**The problem:** Exact copy without images: repeat every entry as written.

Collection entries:
----

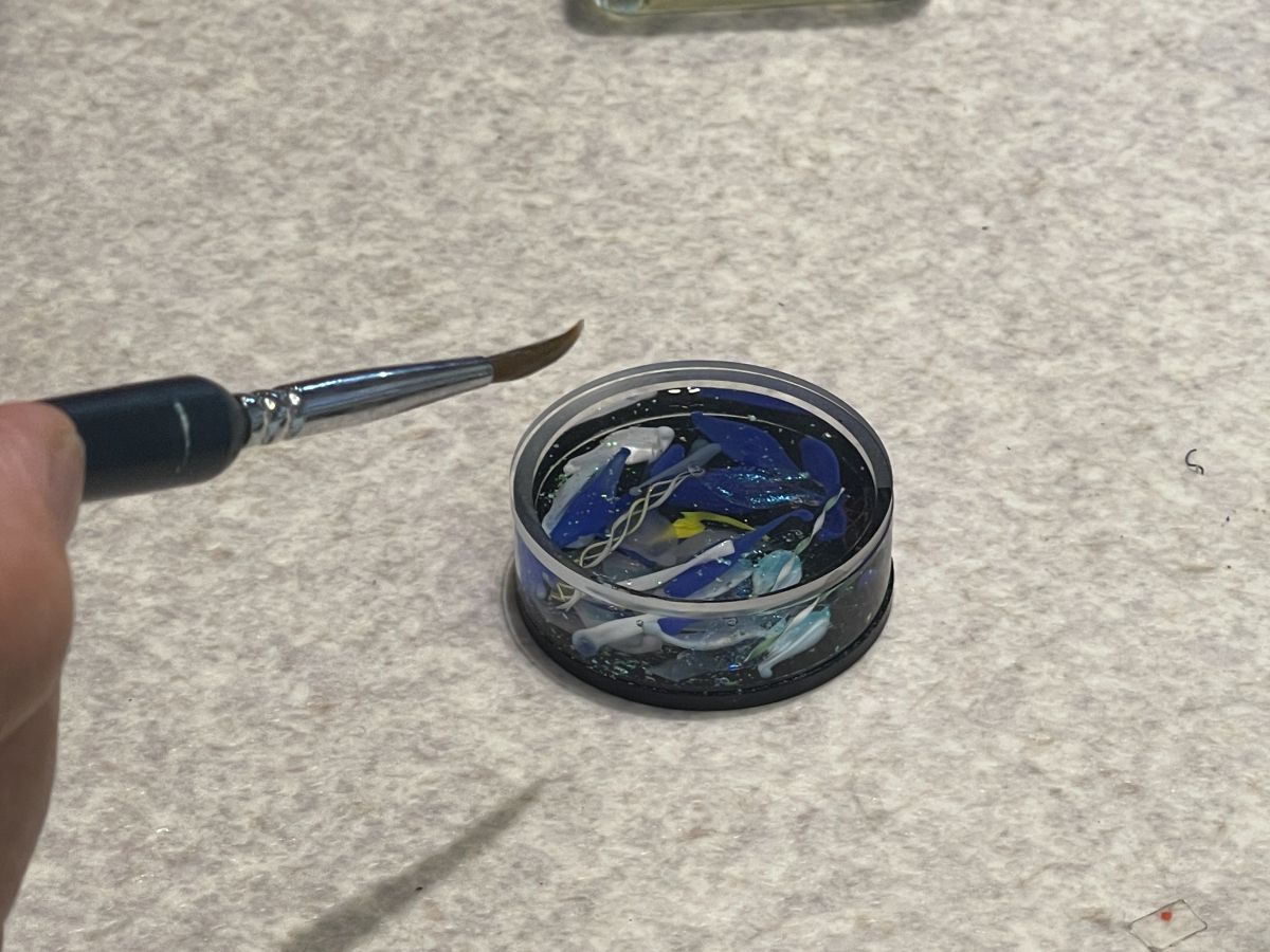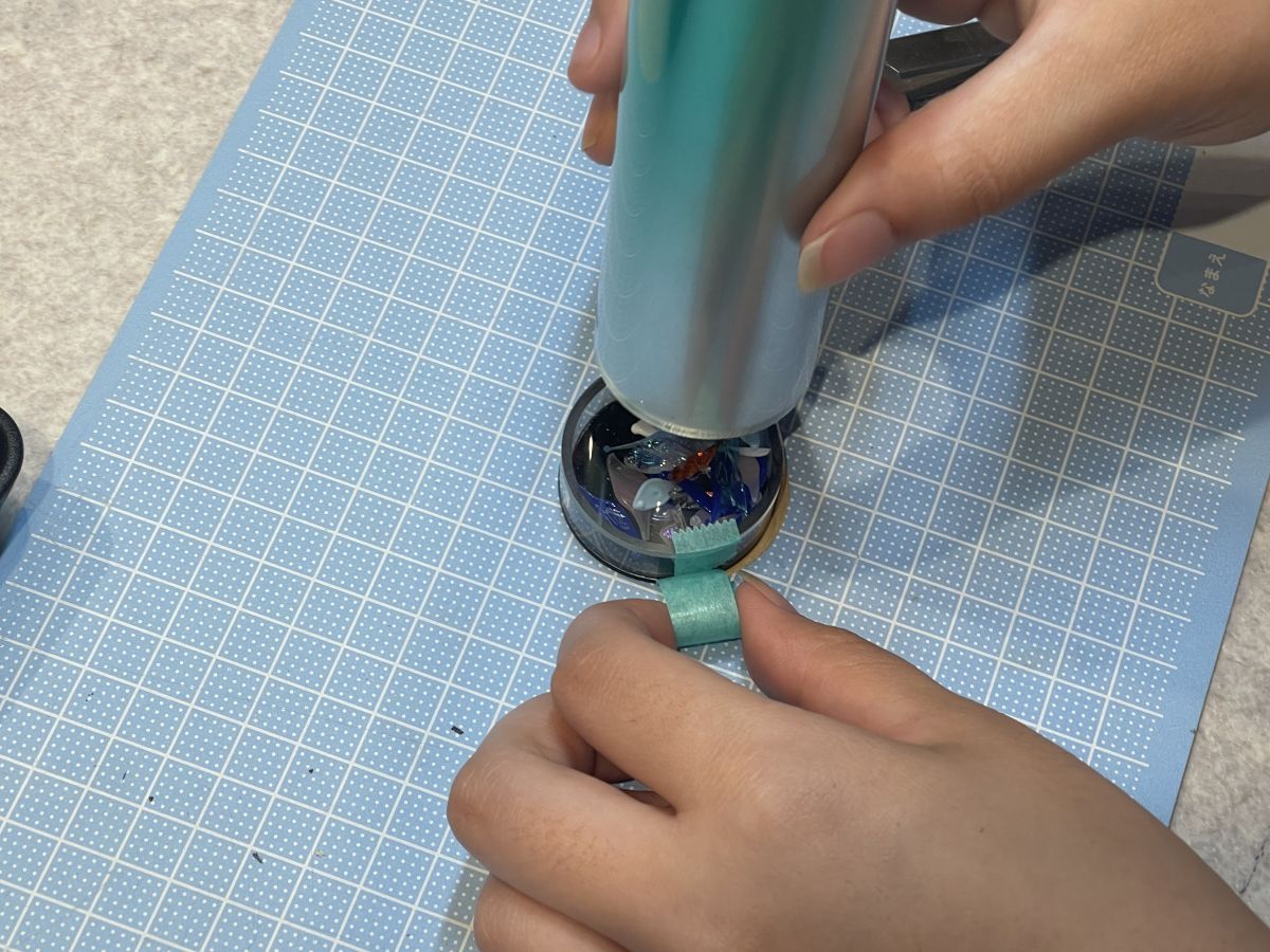 本体と鏡を接着したときと同じ筆で、オブジェクトにふたをします。ふたができたら、本体と接着して完成です。制作時間は約1時間半でした。
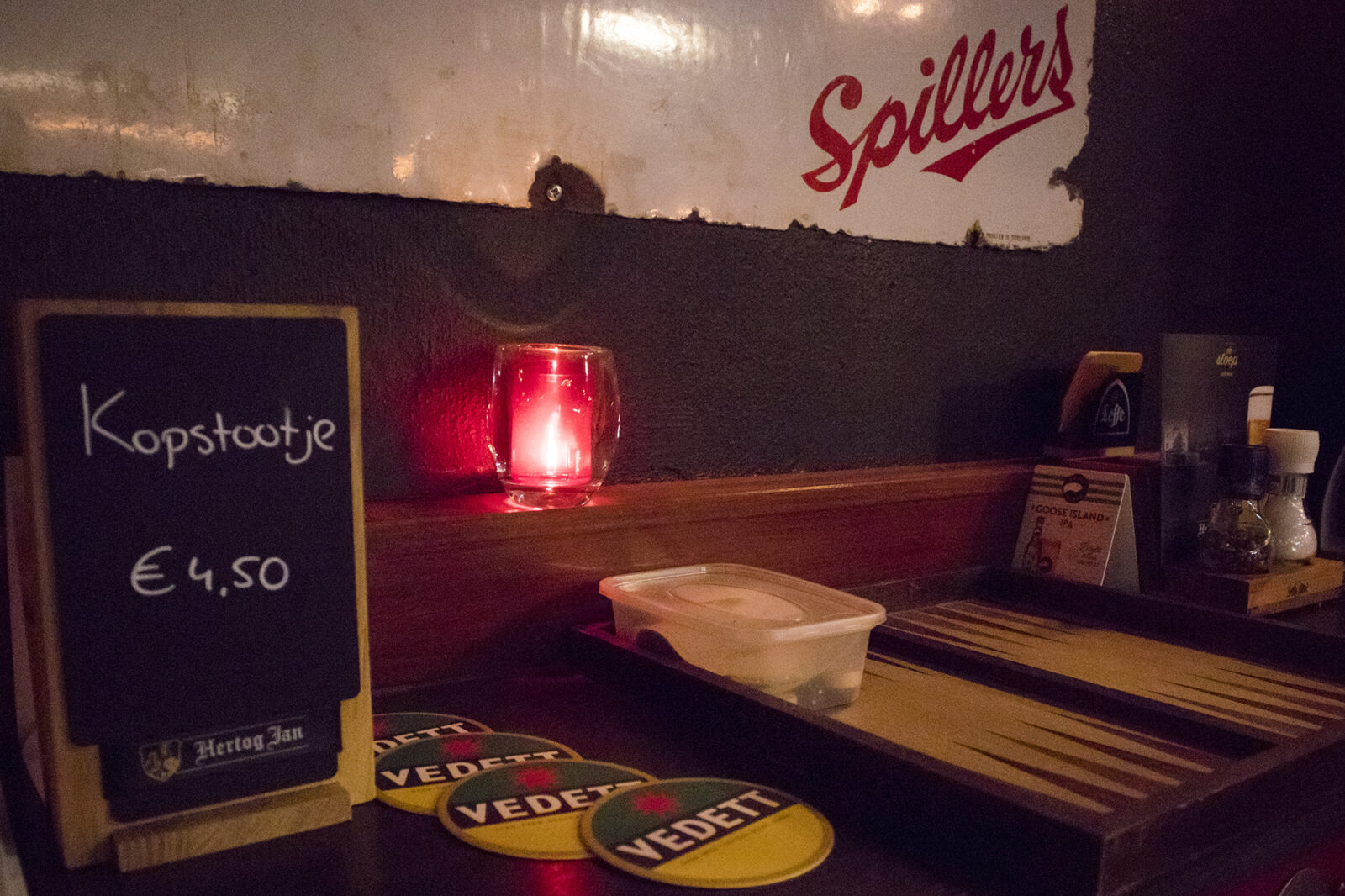 Jesse, the new owner of De Stoep, made us a welcome drink. A shot of Jack Daniels and something sour; should be delicious. The café décor is simple: just a few small plants and candles. But they don’t need anything else, as this pub exudes atmosphere. Leather sofas and chairs, stained glass windows and a copper bar give De Stoep the appearance of real bruin café, a traditional Dutch pub.
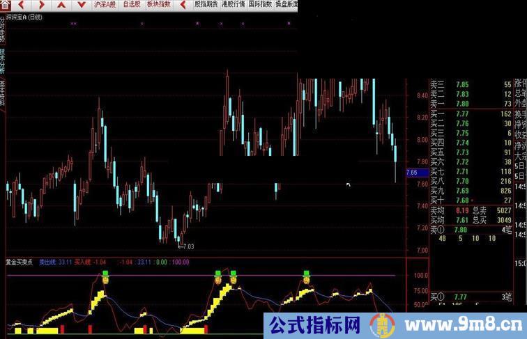 黄金点:STICKLINE(SMA(VARE,3,1)>卖出线,SMA(VARE,3,1),卖出线,3,0),COLORYELLOW;
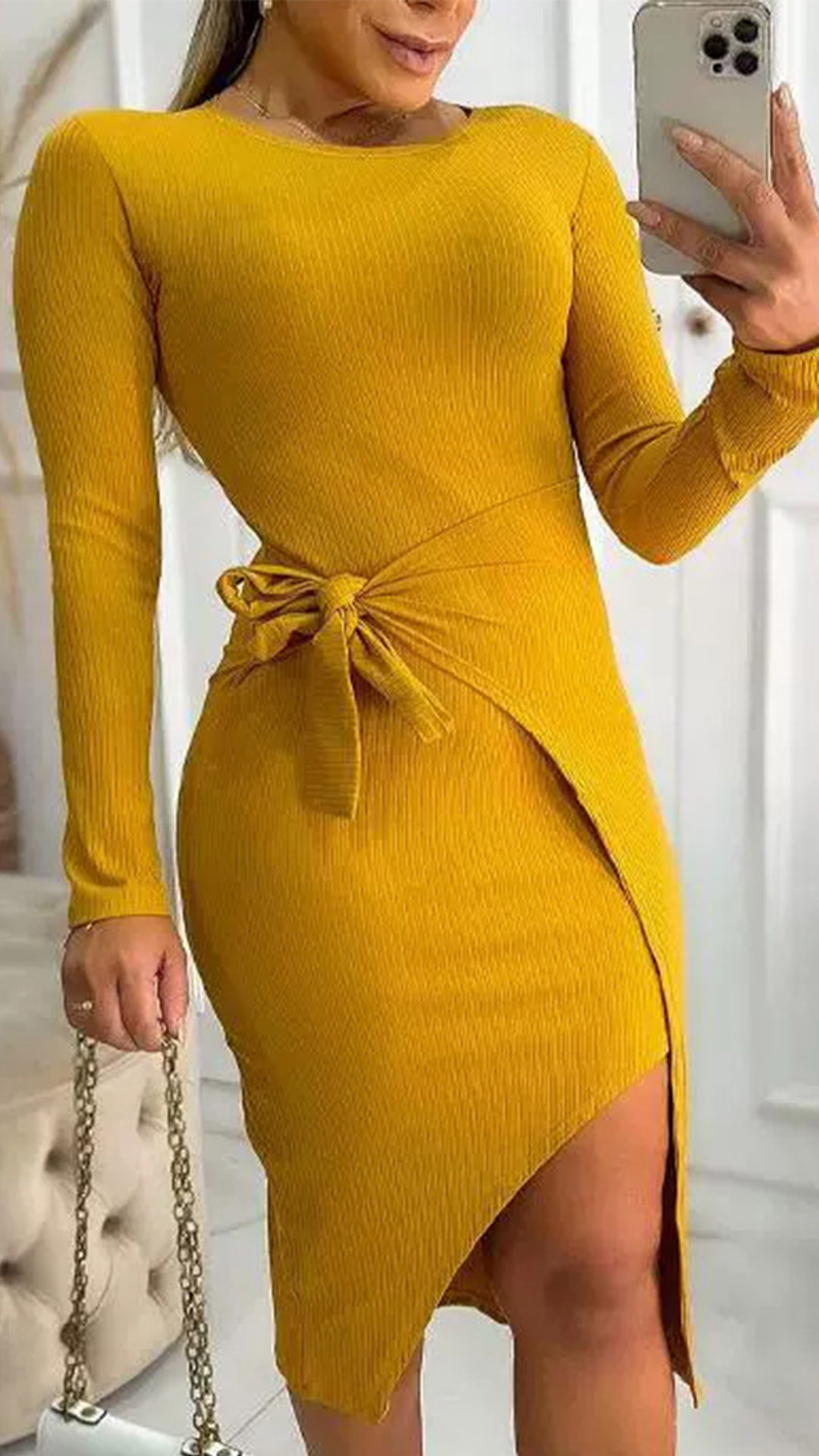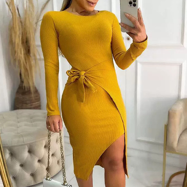 Fashion Crew Neck Long Sleeve Irregular Hemline Bodycon Ribbed Wrap Dress
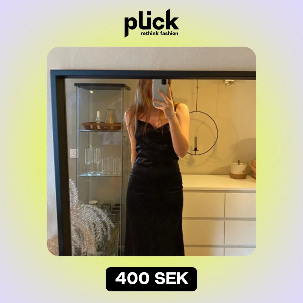 Superfin svart långklänning perfekt till balen eller likande. Lappen finns inte kvar, så vet inte vilken storlek det är, men jag har vanligtvis storlek S/36 och den passar mig bra. Så jag skulle säga att den är i storlek S.

----

**Task answer:**
 本体と鏡を接着したときと同じ筆で、オブジェクトにふたをします。ふたができたら、本体と接着して完成です。制作時間は約1時間半でした。
 Jesse, the new owner of De Stoep, made us a welcome drink. A shot of Jack Daniels and something sour; should be delicious. The café décor is simple: just a few small plants and candles. But they don’t need anything else, as this pub exudes atmosphere. Leather sofas and chairs, stained glass windows and a copper bar give De Stoep the appearance of real bruin café, a traditional Dutch pub.
 黄金点:STICKLINE(SMA(VARE,3,1)>卖出线,SMA(VARE,3,1),卖出线,3,0),COLORYELLOW;
 Fashion Crew Neck Long Sleeve Irregular Hemline Bodycon Ribbed Wrap Dress
 Superfin svart långklänning perfekt till balen eller likande. Lappen finns inte kvar, så vet inte vilken storlek det är, men jag har vanligtvis storlek S/36 och den passar mig bra. Så jag skulle säga att den är i storlek S.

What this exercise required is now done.